Saturday, January 2, 2010

Controlled-Burn Inflation

The following expresses my personal views, not those of the SEC or its staff.

Suppose all the Good Guys (Joe Consumer and Homeowner) are loaded with debt, and suppose that this debt is payable to the Bad Guys (Rich People and Foreigners).
What can you do about it? Oh, and also suppose that the debt is mostly in nominal terms. Answer: You inflate.

We cringe when inflation is mentioned. Maybe it is from the horror stories of hyperinflation; maybe it is from memories of the inflationary episode of the mid-1970s. (Remember Ford’s WIN buttons)? But I am not talking about hyperinflation, or even inflation in the double digits. Rather, a controlled burn inflation, something that is, say, in the six or seven percent range.

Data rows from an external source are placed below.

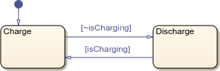 ChargetoDischargeonly when the battery is not charging, double-click the transition and enter the label[~isCharging].To finalize the label, click the canvas. To move the label, click the center of the label text and drag.
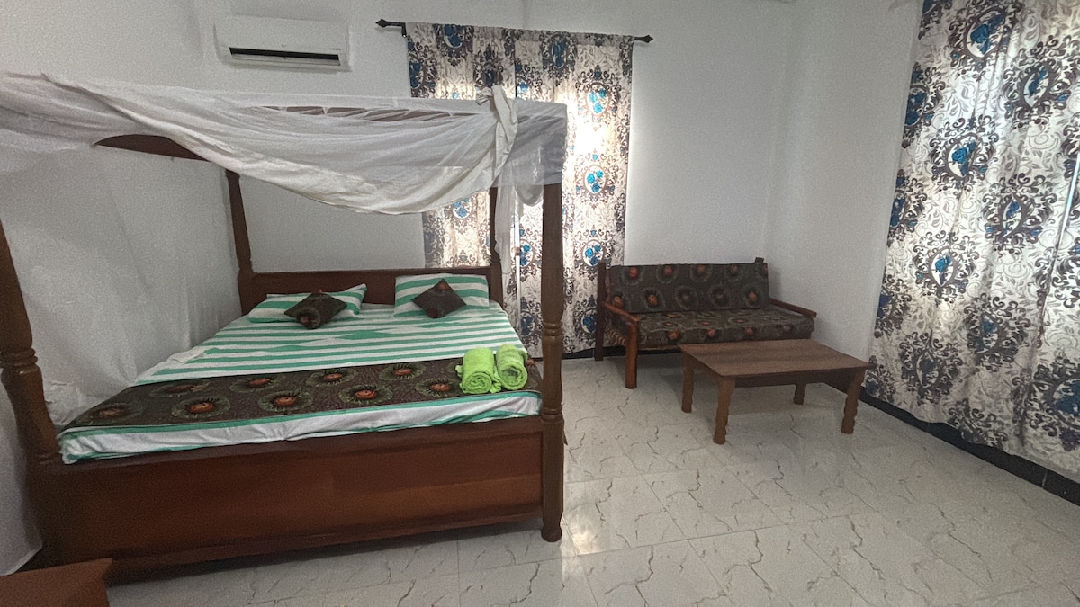 Casa de huéspedes con baño privado, cocina y sala de estar exterior. Jardín grande y piscina compartida (solo conmigo y mi familia). Wifi (20 Mb/s) disponible e incluido. La habitación se limpia una vez por semana para estancias más largas. Y hay una lavadora de uso gratuito si es necesario. Está a 20-25 minutos a pie de la playa de Nungwi o Kendwa, o a 5 minutos en coche o tuk tuk. Te ayudamos a organizar el transporte si es necesario. 😊
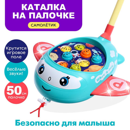 • Каталка на палке «Световой самолётик», световые и звуковые эффекты, цвета МИКС
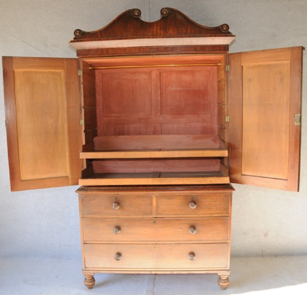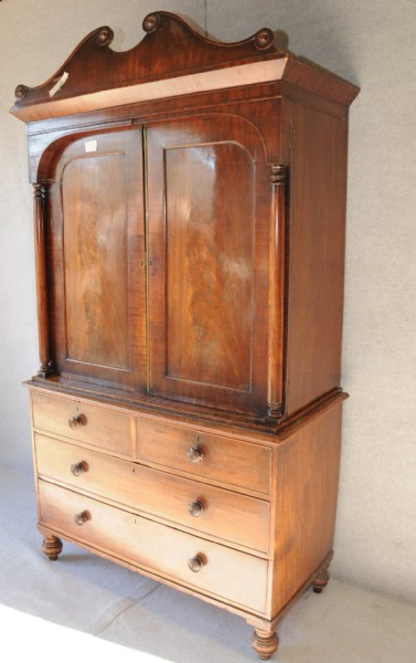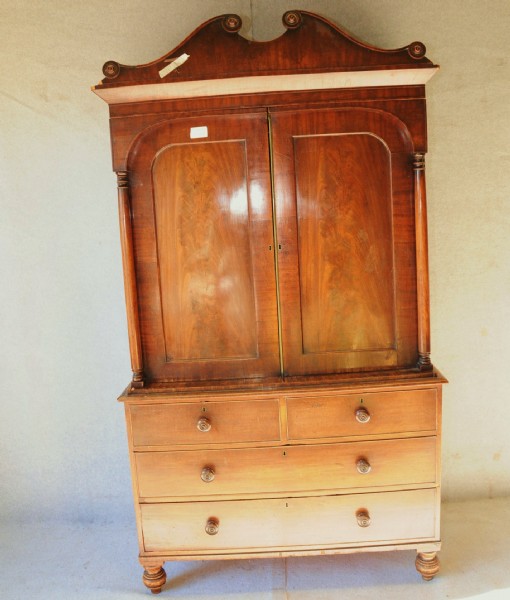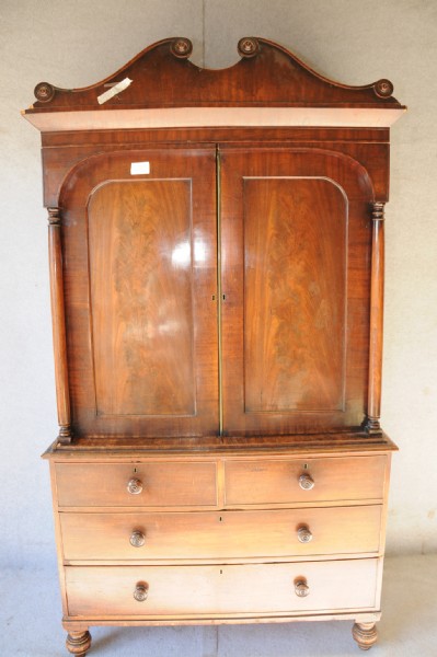 A Victorian mahogany linen press, with a shaped cornice over a pair of panelled doors and five drawers. Size: high x wide x cm deep.

Something that will drop the debt burden by twenty or thirty percent after a few years.

On the positive side, controlled-burn inflation will drop the real obligations we will “pass on to our children” – put that phrase into Google and see how many hits you get – for our $8 trillion of public debt. It will reduce the real effect of our nearly $1 trillion to ChinaChina being recently highlighted by Paul Krugman as a Big Problem of 2010. Not to mention the nearly equal amount we have with Japan, which Krugman does not see being as much of a problem. It will drop the real debt obligation for mortgage borrowers in terms of their principal, and, for those with fixed rate mortgages, drop the real cost of servicing their debt as well. Anyone with adjustable rate mortgages or short-term revolving debt will be running in place in terms of their debt servicing. But the real value of their principal obligation will drop for them as well.

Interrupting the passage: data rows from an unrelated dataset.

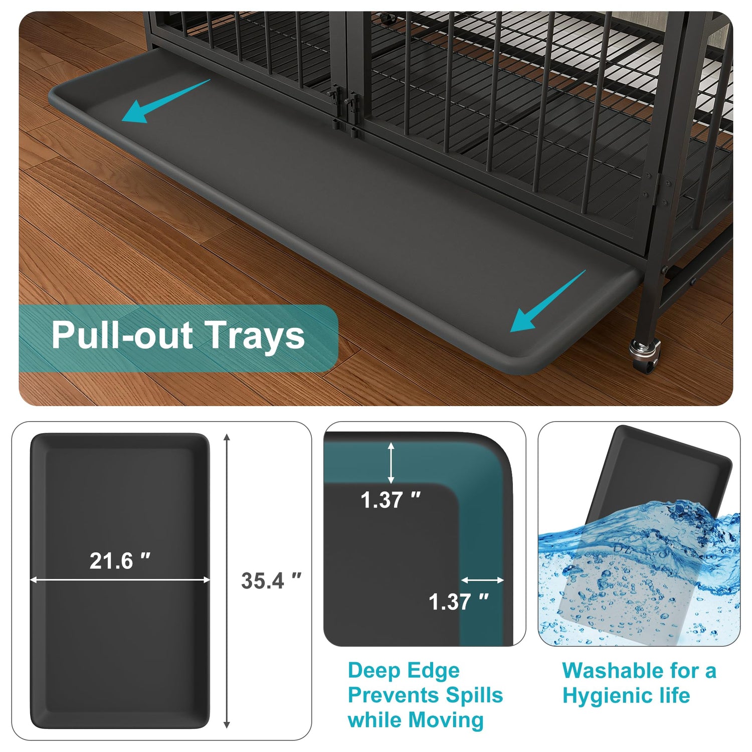 - 【Furniture Style Dog Crate】Our dog crate feature a multi-functional design, not only is this dog cage a safe haven for your dog, but it also doubles as a side table for your belongings, with a look that will easily blend into your home's style. The extra-large countertop accommodates your storage needs.
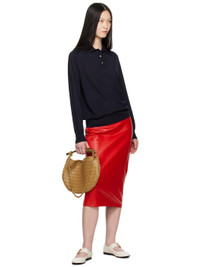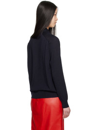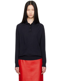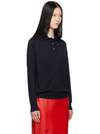 Knit wool polo. Exposed seams throughout. · Rib knit spread collar, hem, and cuffs · Three-button placket · Logo embroidered at front · Saddle shoulders Supplier color: Navy 100% wool. Made in Italy 242798F108002
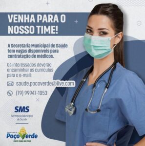 Poço Verde: Prefeitura está contratando médicos E pelas redes sociais ontem, 19, a Prefeitura de Poço Verde anunciou que tem vagas para contratação de médicos. Os interessados podem enviar os currículos para o e-mail: pocoverde@live.com ou ligar para 79 – 99947-1053. “Vivemos um momento delicado da pandemia, onde as pessoas que adquirem o vírus estão evoluindo o quadro de forma rápida, os casos graves vem aumentando mais uma vez no Brasil. De fato, a demanda aumentou para os médicos. Muitos se encontram com vários postos de trabalho e o cansaço, às vezes, os fazem optar por ficar na capital. Dessa forma, estamos contratando médicos com condições salariais excelentes! Venha para o nosso time e nos ajude nesse momento tão difícil!”, explicou o prefeito Iggor Oliveira nas redes sociais.

The negative is the stickiness of wages versus prices. For those who remember the 1970’s, it seemed like wage levels were always one step behind in ratcheting up to meet the higher prices. And there were costs in making the price adjustment, both in terms of processing and informational lags. But we are in a different world today, and I wonder if the frictions of a “helicopter drop” would be anywhere near as significant. In our electronic age, prices can be adjusted with far less cost, information on prices is quickly and cheaply accessible. And I believe wages can similarly be adjusted for less cost; there are fewer institutional and processing constraints to keep wages sticky – although this is a proposition that has not had to be broadly tested because inflation has been a non-issue for a generation.

To do inflation right, you have to be a little sneaky. Especially if you don’t want your creditors feeling totally screwed and have them walk away the next time you need to borrow. Don’t announce it as a policy. Have it just happen. In fact, have it happen in spite of all of your best efforts to reign it in. So you need a controlled burn that looks like it is spontaneous. Who knows, maybe this idea actually is making the rounds.